Pervasive through the article is the fundamental and dramatic shift in power from the working class to the executive class, which correlates very well with the systematic and deliberate gutting of the unions.

In the absence of solidarity and collective bargaining, commodity labor, such as nurses, will see an ever-smaller piece of the revenue pie.

No Stars In My Eyes

Specializes in Med nurse in med-surg., float, HH, and PDN. Has 43 years experience.

What's a pay raise? What are benefits?

Ours are down the toilet.

Permanent retrograde.

Not_A_Hat_Person, RN

Specializes in Geriatrics, Home Health. Has 10 years experience.

My employer eliminated overtime back in July. Now we are finally getting a pay raise, but they're eliminating shift differentials. We're already significantly underpaid, and staff are stretched very thin. I don't think this will help staff retention.

No Stars In My Eyes

Specializes in Med nurse in med-surg., float, HH, and PDN. Has 43 years experience.

My employer eliminated overtime back in July. Now we are finally getting a pay raise, but they're eliminating shift differentials. We're already significantly underpaid, and staff are stretched very thin. I don't think this will help staff retention.

All smoke and mirrors, ain't it?! Robbing Peter to pay Paul.

Giving a raise and taking away shift differentials is ridiculous; like, they think that you might think this is a step up or forward? HA!

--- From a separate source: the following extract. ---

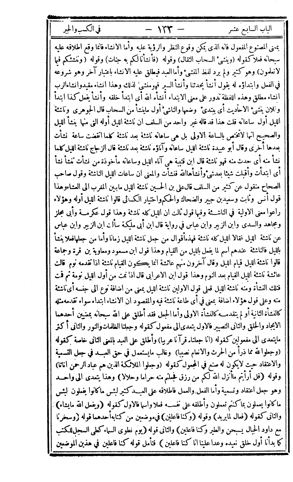 بمعنى المصنوع المفعول فإنه الذي يمكن وقوع النظر والرؤية عليه وأما الإنشاء فإنما وقع إطلاقه عليه سبحانه فعلا كقوله: {وَيُنْشِئُ السَّحَابَ الثِّقَالَ} وقوله: {فَأَنْشَأْنَا لَكُمْ بِهِ جَنَّاتٍ} وقوله: {وَنُنْشِئَكُمْ فِي مَا لا تَعْلَمُونَ} وهو كثير ولم يرد لفظ المنشئ وأما العبد فيطلق عليه الإنشاء باعتبار آخر وهو شروعه في الفعل وابتداؤه له يقول أنشأ يحدثنا وأنشأ السير فهو منشأ لذلك وهذا إنشاء مقيد وإنشاء الرب إنشاء مطلق وهذه اللفظة تدور على معنى الابتداء أنشأه الله أي ابتدأ خلقه وأنشأ يفعل كذا ابتداء وفلان ينشئ الأحاديث أي يبتدئ وضعها والناشئ أول ما ينشأ من السحاب قال الجوهري: "وناشئة الليل أول ساعاته" قلت هذا قد قاله غير واحد من السلف إن ناشئة الليل أوله التي منها ينشأ الليل والصحيح أنها لا تختص بالساعة الأولى بل هي ساعاته ناشئة بعد ناشئة كلما انقضت ساعة نشأت بعدها أخرى وقال أبو عبيدة: "ناشئة الليل ساعاته وآناؤه ناشئة بعد ناشئة" قال الزجاج: "ناشئة الليل كلما نشأ منه أي حدث منه فهو ناشئة" قال ابن قتيبة: "هي آناء الليل وساعاته" مأخوذة من نشأت تنشأ نشأ أي ابتدأت وأقبلت شيئا بعد شيء وأنشأها الله فنشأت والمعنى أن ساعات الليل الناشئة وقول صاحب الصحاح منقول عن كثير من السلف قال علي بن الحسين: "ناشئة الليل ما بين المغرب إلى العشاء" وهذا قول أنس وثابت وسعيد بن جبير والضحاك والحكم واختيار الكسائي قالوا: "ناشئة الليل أوله" وهؤلاء راعوا معنى الأولية في الناشة وفيها قول ثالث أن الليل كله ناشئة وهذا قول عكرمة وأبي مجلز ومجاهد والسدي وابن الزبير وابن عباس في رواية قال ابن أبي مليكة سألت ابن الزبير وابن عباس عن ناشئة الليل فقالا: "الليل كله ناشئة" فهذه أقوال من جعل ناشئة الليل زمانا وأما من جعلها فعلا ينشأ بالليل فالناشئة عندهم اسم لما يفعل بالليل من القيام وهذا قول ابن مسعود ومعاوية بن قرة وجماعة قالوا: "ناشئة الليل قيام الليل" وقال آخرون منهم عائشة إنما يكون القيام ناشئة إذا تقدمه نوم قالت عائشة: "ناشئة الليل القيام بعد النوم" وهذا قول ابن الأعرابي قال: "إذا نمت من أول الليل نومة ثم قمت فتلك النشأة" ومنه ناشئة الليل فعلى قول الأولين ناشئة الليل بمعنى من إضافة نوع إلى جنسه أي ناشئة منه وعلى قول هؤلاء إضافة بمعنى في أي طاعة ناشئة فيه والمقصود أن الإنشاء ابتداء سواء تقدمه مثله كالنشأة الثانية أو لم يتقدمه كالنشأة الأولى وأما الجعل فقد أطلق على الله سبحانه بمعنيين أحدهما: الإيجاد والخلق والثاني: التصيير فالأول يتعدى إلى مفعول كقوله وجعلنا الظلمات والنور والثاني: أكثر ما يتعدى إلى مفعولين كقوله: {إِنَّا جَعَلْنَاهُ قُرْآناً عَرَبِيّاً} وأطلق على العبد بالمعنى الثاني خاصة كقوله: {وَجَعَلُوا لِلَّهِ مِمَّا ذَرَأَ مِنَ الْحَرْثِ وَالْأَنْعَامِ نَصِيباً} وغالب ما يستعمل في حق العبد في جعل التسمية والاعتقاد حيث لا يكون له صنع في المجعول كقوله: {وَجَعَلُوا الْمَلائِكَةَ الَّذِينَ هُمْ عِبَادُ الرَّحْمَنِ إِنَاثاً} وقوله: {قُلْ أَرَأَيْتُمْ مَا أَنْزَلَ اللَّهُ لَكُمْ مِنْ رِزْقٍ فَجَعَلْتُمْ مِنْهُ حَرَاماً وَحَلالاً} وهذا يتعدى إلى واحد وهو جعل اعتقاد وتسمية وأما الفعل والعمل فإطلاقه على العبد كثير: {لَبِئْسَ مَا كَانُوا يَفْعَلُونَ} : {لَبِئْسَ مَا كَانُوا يَعْمَلُونَ} : {بِمَا كُنْتُمْ تَعْمَلُونَ} وأطلقه على نفسه فعلا واسما فالأول كقوله: {وَيَفْعَلُ اللَّهُ مَا يَشَاءُ} والثاني كقوله: {فَعَّالٌ لِمَا يُرِيدُ} وقوله: {وَكُنَّا فَاعِلِينَ} في موضعين من كتابه أحدهما قوله: {وَسَخَّرْنَا مَعَ دَاوُدَ الْجِبَالَ يُسَبِّحْنَ وَالطَّيْرَ وَكُنَّا فَاعِلِينَ} والثاني قوله: {يَوْمَ نَطْوِي السَّمَاءَ كَطَيِّ السِّجِلِّ لِلْكُتُبِ كَمَا بَدَأْنَا أَوَّلَ خَلْقٍ نُعِيدُهُ وَعْداً عَلَيْنَا إِنَّا كُنَّا فَاعِلِينَ} فتأمل قوله كنا فاعلين في هذين الموضعين

If you end up with a situation that might require overtime, can you just punch out and go home without hearing any grief about it? Double HA!

brandy1017, ASN, RN

Specializes in Critical Care.

Interesting article on wages from a frequent contributor to Politico. The thrust of the article, is toward hourly, rather than professional workers, but it provides a good explanation of wage stagnation in general. It also goes a long way toward explaining why the velocity of money (M2) is at a historic low.

Link to full article: Whatever Happened to Overtime? - Nick Hanauer - POLITICO Magazine

The problem is both democrats and republicans are in bed with big business, but democrats pretend to care about the working and middle class yet they don't do anything to raise the minimum wage or bring back overtime protections. The democrats only claim to care about the poor but instead of raising the minimum wage they want to take from the taxpayers to give handouts for votes if you ask me! Why not improve working conditions for all instead of raising taxes that benefit the few. Besides they are only cooperating with Walmart and big business by subsidizing the sub standard pay with food stamps and T19 allowing the corporations to profit at our expense as well! So the Waltons can be billionaires! I'm disgusted with both parties!

cd365c

Specializes in none.

I wonder, in general, if nurses make more in the private care setting/ home health versus the actual hospital.

No Stars In My Eyes

Specializes in Med nurse in med-surg., float, HH, and PDN. Has 43 years experience.

Speaking from personal experience, over the years there have been fewer PDN cases willing/able to pay for nurses 24/7. More PDN cases go to CNA's with the nurse coming in just to fill medisets, change catheters, do treatments not within CNA's scope of practice.

It also depends on the agency whether or not the nurse's pay is better than at hospitals/LTC's. But then you have a problem if the case census is down, and it DOES fluctuate. Some nurses are signed up with several agencies for that very reason.